The vendor today is introducing three new "Open Storage" arrays to its catalogue and giving its storage-heavy X4500 server — Thumper — a hardware refresh.

Its new arrays are the first to ditch the StorageTek brand in favor of the new (although perhaps not stunningly inventive) namesake: "Sun Storage." Future storage gear will be penciled in to fit the nomenclature, although the company doesn't seem quite ready to kill the StorageTek brand just yet, according to Storage Product Management manager, Ray Austin.

The new Sun Storage J4000 arrays are being pitched in much the same way as previous "Open Editions" of the StorageTek lineup. We're talking industry standard hardware and open-source software, so the box can be plugged into servers purchased by a wide variety of vendors.

The lightweight offering is the Sun Storage J4200, with up to 12 drives per tray and a maximum of 46 SAS or SATA drives.

A step up is the J4400 array, with up to four drives per tray, up to six SAS ports, and a maximum of 192 SAS or SATA drives.

The big kit is the J4500, a four rack unit with 48 drives per tray, up to four SAS ports and a maximum of 480 SATA drives.
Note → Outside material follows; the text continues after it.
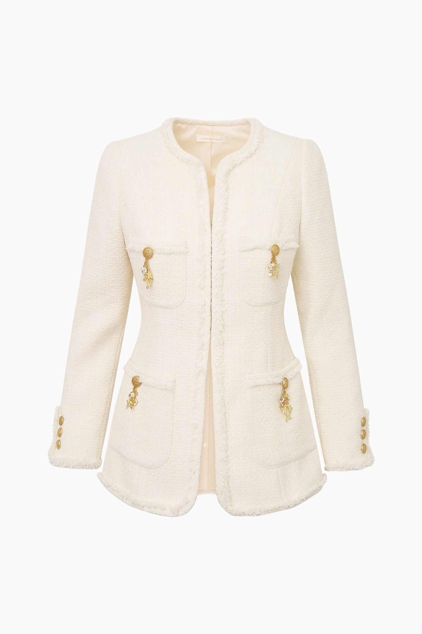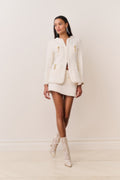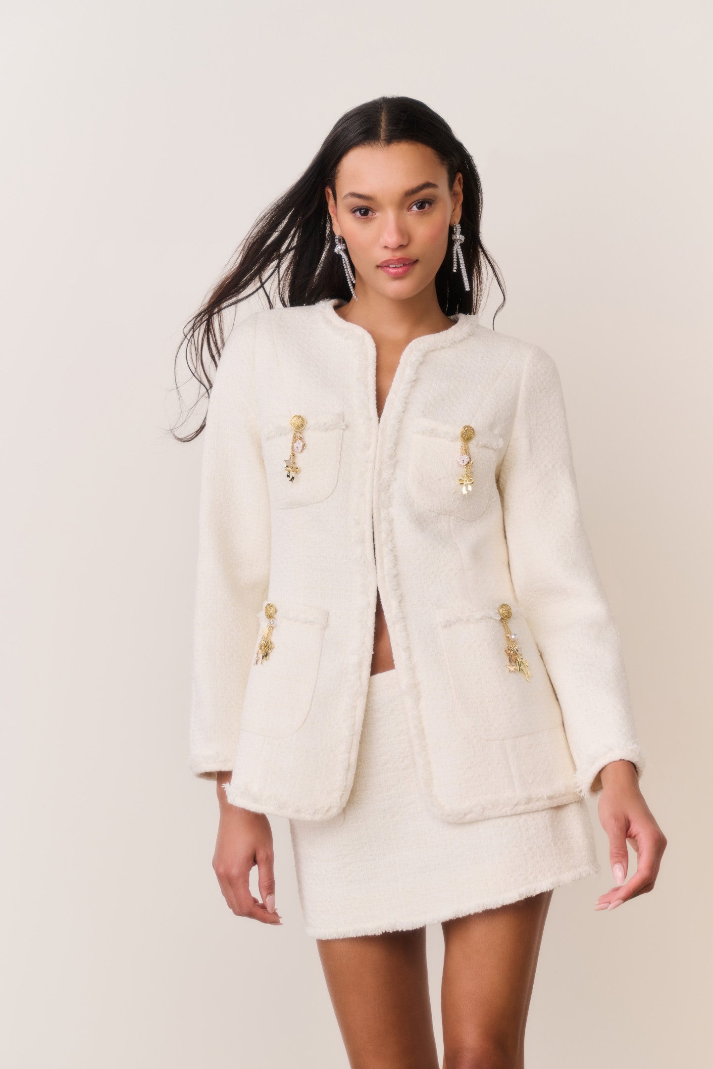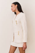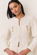 The Adrina Jacket is a polished take on classic tailoring, designed from our medium-weight textured tweed. Frayed edges soften the structured silhouette, while whimsical military-style buttons adorned with charms in stars, moons, and hearts add a signature LoveShackFancy touch. Pair with our Breya Skirt for the full set.

Austin describes the arrays as essentially JBODs (just a bunch of disks), but with frills such as connections to more than one server and room for additional expansions.

Sun Storage J4000 arrays begin at $3,000 and are presently available. Sun is also putting out a SAS RAID host bus adapter that allows J4000 systems to connect directly to servers running Solaris, Linux and Windows.

Thumper gets bumped

The Sun Fire X4500, AKA Thumper, is being replaced by a more sprightly descendant, the new Sun Fire 4540. The storage/server hybrid is now armed with a quad-core processor (an upgrade from Thumper's dual-core chip) and twice the memory for good measure at 32GB.

Features new to the system include using PCIe in favor of PCI-X and an ability to boot the OS from the hard disk or a compact flash device.

The Sun Fire 4540 is also available starting at $22,000.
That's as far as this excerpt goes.